Hello,
with the currently newest version of Spot 2.6.1, the following behavior occurred for me, which I would call a bug. I attached a DOT file of a deterministic parity automaton which was written by "autfilt --dot --highlight-languages". What is notable that (among other pairs), states 10 and 66 are marked as language-equivalent states. Their "a1"-successors, 30 and 62 are not equivalent however, so something must be wrong here. I assume a potential cause is that there are a total of 18 non-trivial equivalence classes but only 16 different colors defined to be used by Spot, so some are used for multiple classes? If that is the case, I feel like there should be at least a warning output by "autfilt" when this happens.
Best regards, Andreas Tollkötter
On Sun, Sep 16, 2018 at 11:50 AM Andreas Tollkötter andreas.tollkoetter@rwth-aachen.de wrote:
Hello,
with the currently newest version of Spot 2.6.1, the following behavior occurred for me, which I would call a bug.

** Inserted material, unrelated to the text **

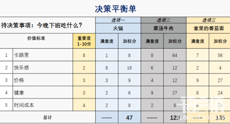 比如決策今晚下班吃什么,你既想要減肥,又想要好吃,還想要省錢,一頓飯得滿足多種需要,自己左右為難,內(nèi)心糾結(jié)。這時候一個決策平衡單,填入你的待選項,再填入你的需要(價值標準),標注好重要程度,就來打分,如下圖,就吃家里的番茄面吧!
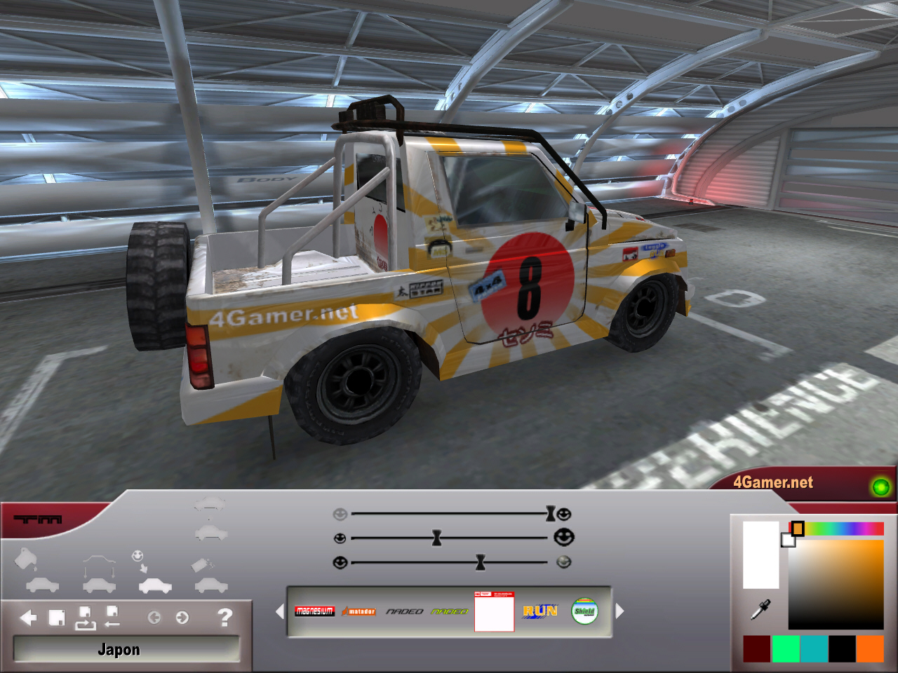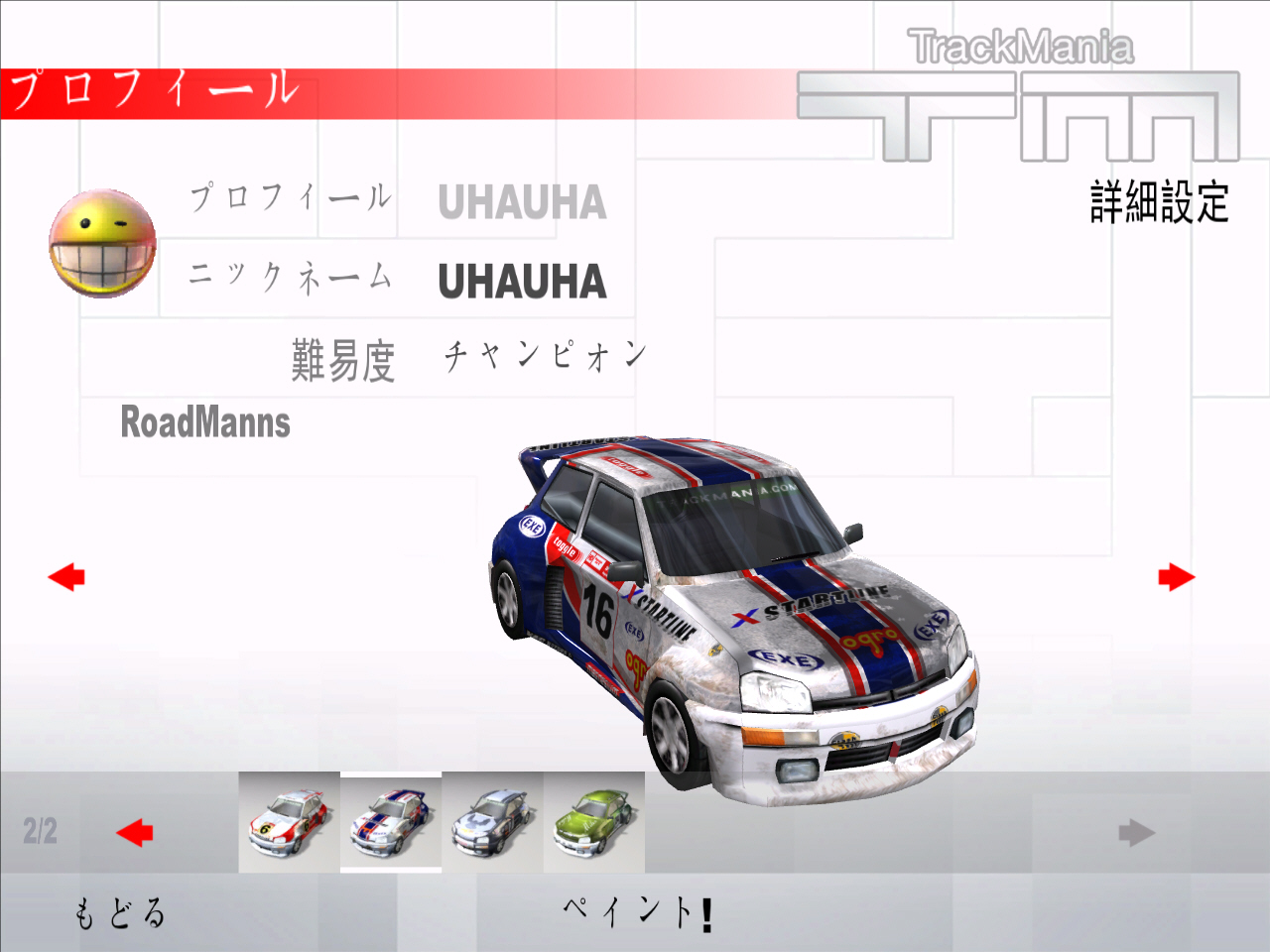 | コンパクトなレイアウトのTMOのコースは,コンパクトゆえのトリッキーなレイアウトが随所に見受けられる | スキンエディタで,車のボディ色やテクスチャ変更,文字追加などが可能。あまり高機能ではないので期待せぬように | プロフィールで,難度を「見習い」「プロ」「チャンピオン」に設定可能。登場する車のカラーもここで変更する |

I attached a DOT file of a deterministic parity automaton which was written by "autfilt --dot --highlight-languages". What is notable that (among other pairs), states 10 and 66 are marked as language-equivalent states. Their "a1"-successors, 30 and 62 are not equivalent however, so something must be wrong here. I assume a potential cause is that there are a total of 18 non-trivial equivalence classes but only 16 different colors defined to be used by Spot, so some are used for multiple classes? If that is the case, I feel like there should be at least a warning output by "autfilt" when this happens.
Hi Andreas,
Yes. The code is split in two parts. spot::highlight_languages(aut) attach a unique (color) number to each group of 2+ states that represent the same language. Then spot::print_dot(aut) uses that to color the states, but as it has only a palette of 16 colors, they wrap around. We should probably teach print_dot() to be more verbose when this happens. E.g., add a "[n]" marker (with n replaced by the color number) near to each state when the highest color number is larger than 16.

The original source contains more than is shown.